*** The Health Care Programs Manual (HCPM) has been replaced by the Minnesota Health Care Programs Eligibility Policy Manual (EPM) as of June 1, 2016. Please refer to the EPM for current health care program policy information. ***

Chapter 21 - Income Calculation (Community)

Effective:  June 1, 2011

21.35 - Medicare Savings Programs Income Calculation

Archived:  June 1, 2016 (Previous Versions)

Medicare Savings Programs Income Calculation

The purpose of the income calculation is to determine a person’s net income. This net income is compared to the appropriate income standard to determine if the client is income eligible for QMB, SLMB, QI and QWD.

Note:  Follow this income calculation when determining Medicare Savings Programs (MSP) eligibility regardless if the client is in an LTCF or receiving EW services.

The income calculation steps for the Medicare Savings Programs are:

1. Determine gross income. See Determining Gross Income - MA.

2. Deduct disregards and deductions, if applicable, in the listed order to arrive at net income:

l  Unearned Income:

a. Widow/Widower Disregard.

b. Pickle Disregard.

c. Disabled Adult Child Disregard.

d. RSDI Cost of Living Adjustment Disregard.

e. PASS Deduction.

f. Standard Deduction.

g. LTC/EW only:  Spousal Allocation.

h. LTC/EW only:  Family Member Allocation.

l  Earned Income:

a. PASS Deduction.

b. Blind Disabled Student Child Disregard.

c. Standard Deduction remaining after use for unearned income.

d. $65 Earned Income Disregard.

e. Work Expense for disabled basis of eligibility (Impairment-Related Work Expense Deduction).

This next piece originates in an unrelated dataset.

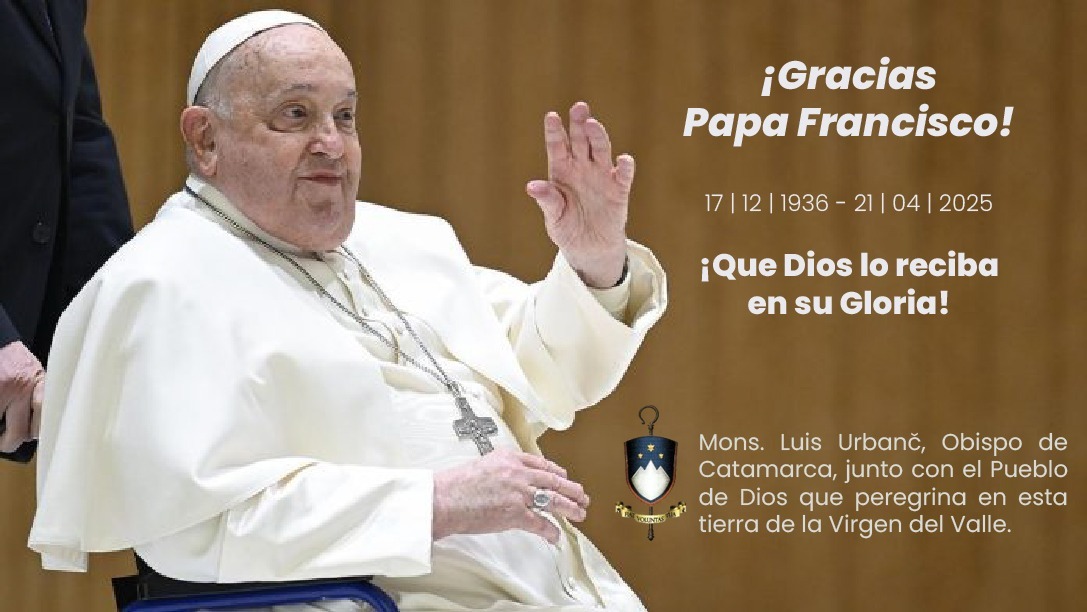 La Iglesia Diocesana de Catamarca confía a la misericordia de Dios el alma del querido Papa Francisco, peregrino de esperanza, quien fue llamado por Dios en este luminoso 21 de abril, lunes de la octava de Pascua del Año Jubilar.
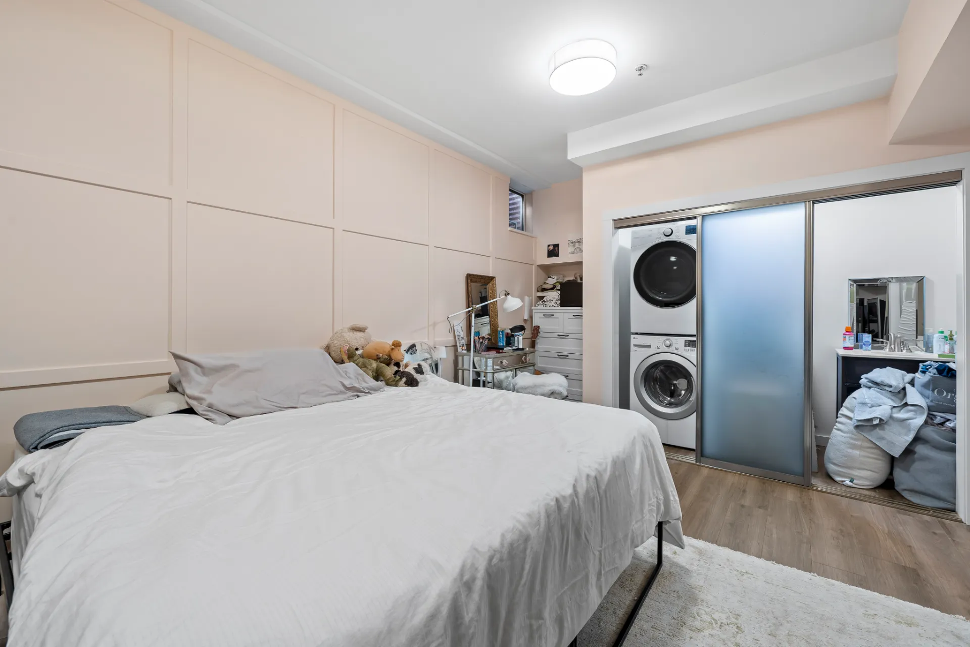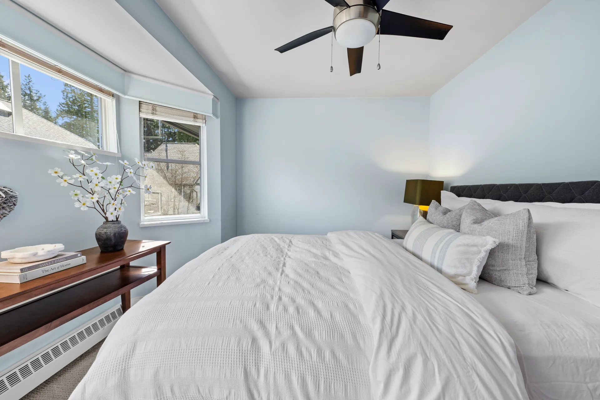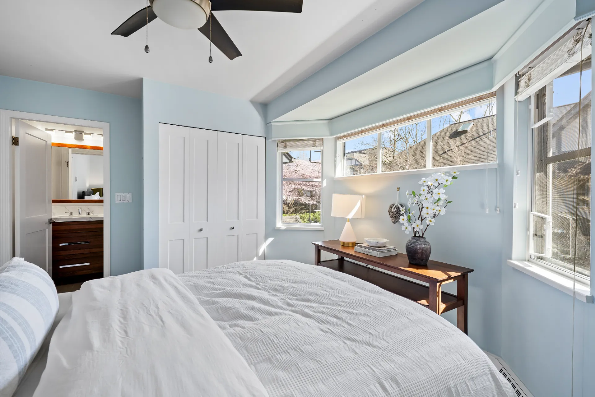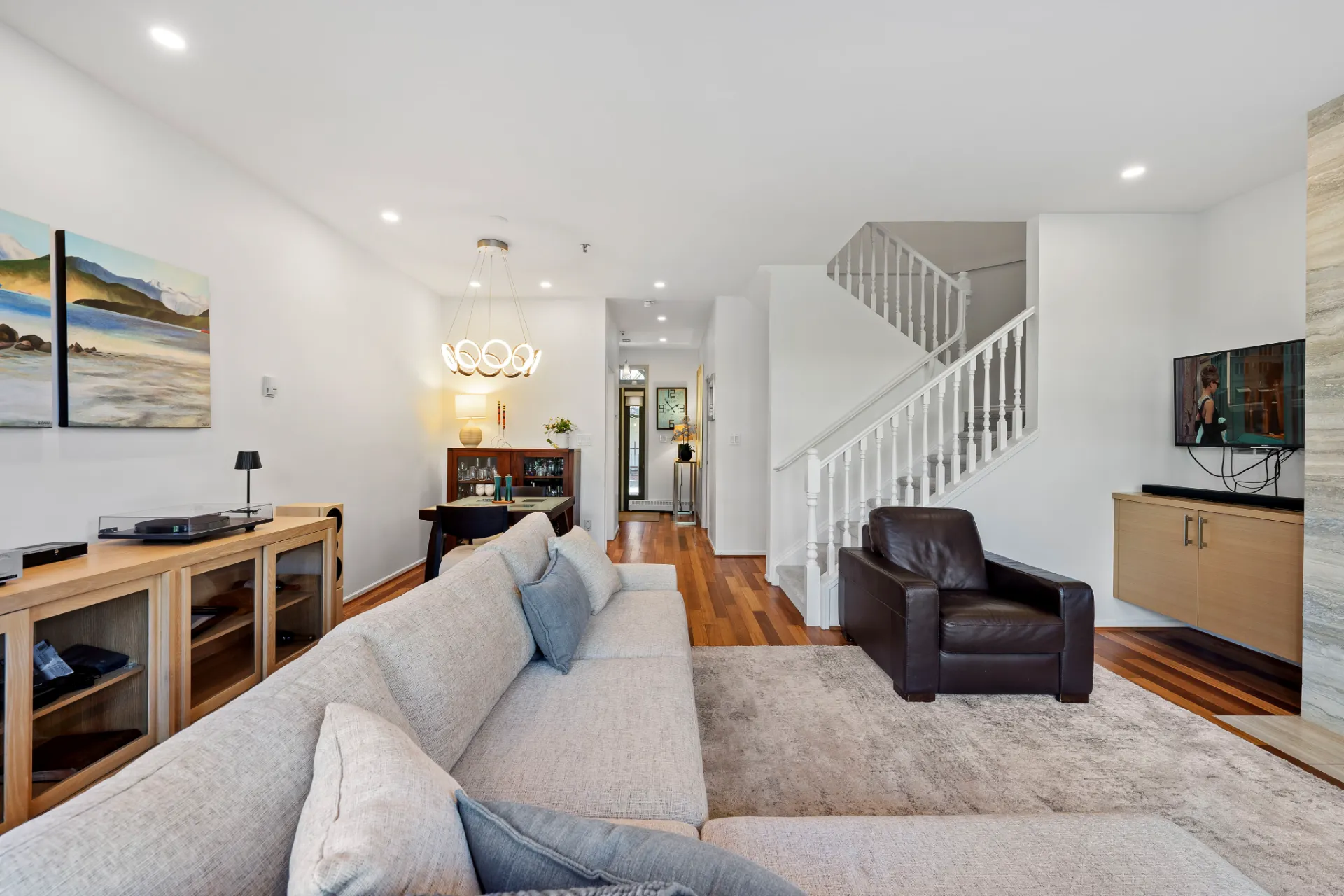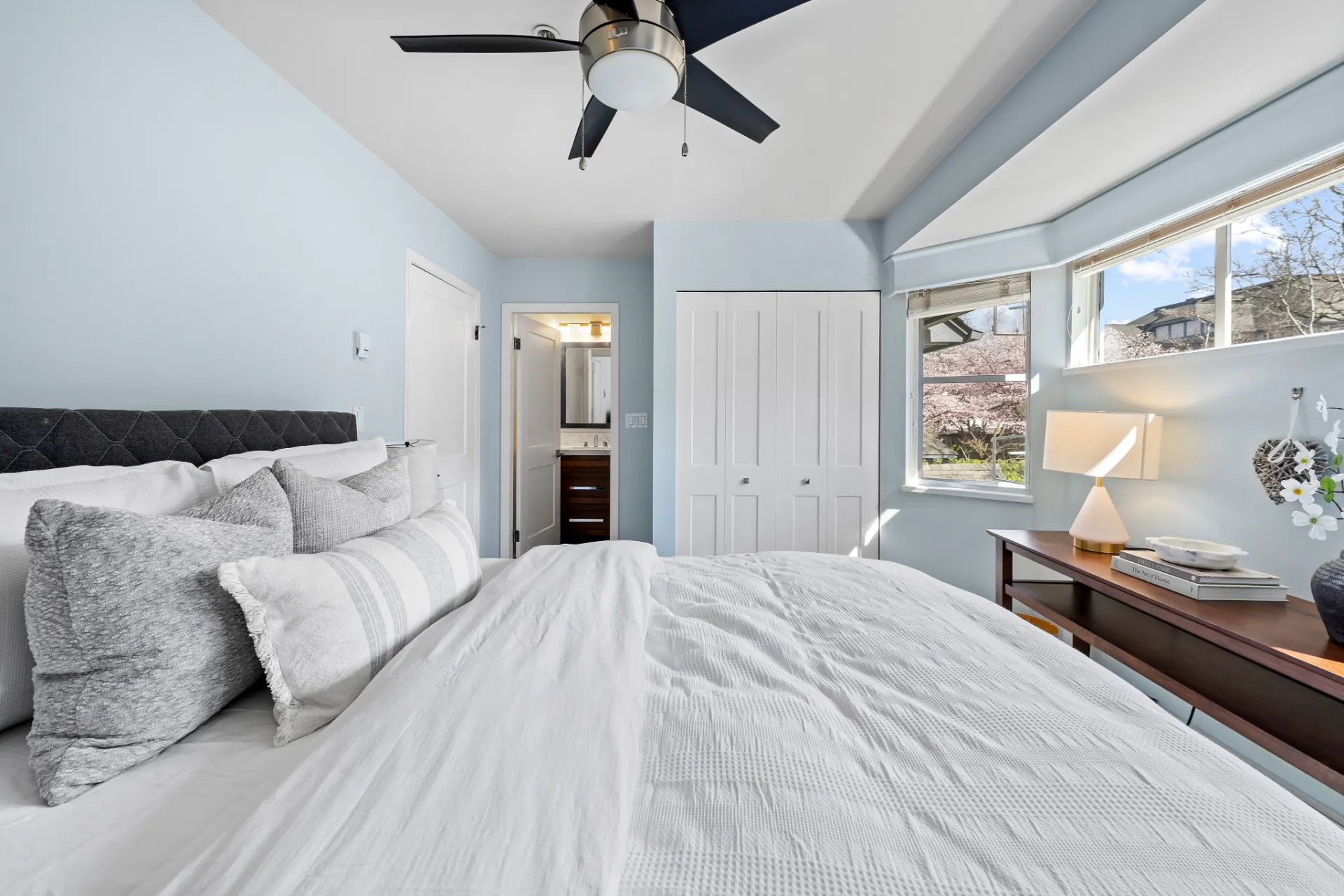 The updated kitchen is a chef’s dream, complete with stainless steel appliances, including a new fridge and gas range, soft-close walnut cabinetry, and 2” mitered quartz countertops. Upstairs, two generous bedrooms each enjoy their own fully remodelled ensuite, featuring radiant in-floor heating, frameless showers, Brizo faucets, and Duravit sinks and toilets. The lower level offers a versatile third bedroom or family room, perfect for a media space, home office, or guest suite.

f. One-half of remaining earned income.

g. Work Expense for blind basis of eligibility (Blind Work Expense Deduction).

h. LTC/EW only:  Spousal Allocation remaining after use for unearned income.

i. LTC/EW only:  Family Member Allocation remaining after use for unearned income.

Note:  Clients whose disability is blindness cannot use the Impairment-Related Work Expense Deduction, but must instead use the Blind Work Expense Deduction. See Work Expense Deduction for more information.

3. Compare the appropriate income standard to the net income to determine if the client is income eligible.

l  If the client’s income is at or below the income standard the client is income eligible.

l  If the client’s net income exceeds the income standard the client is not eligible for the program.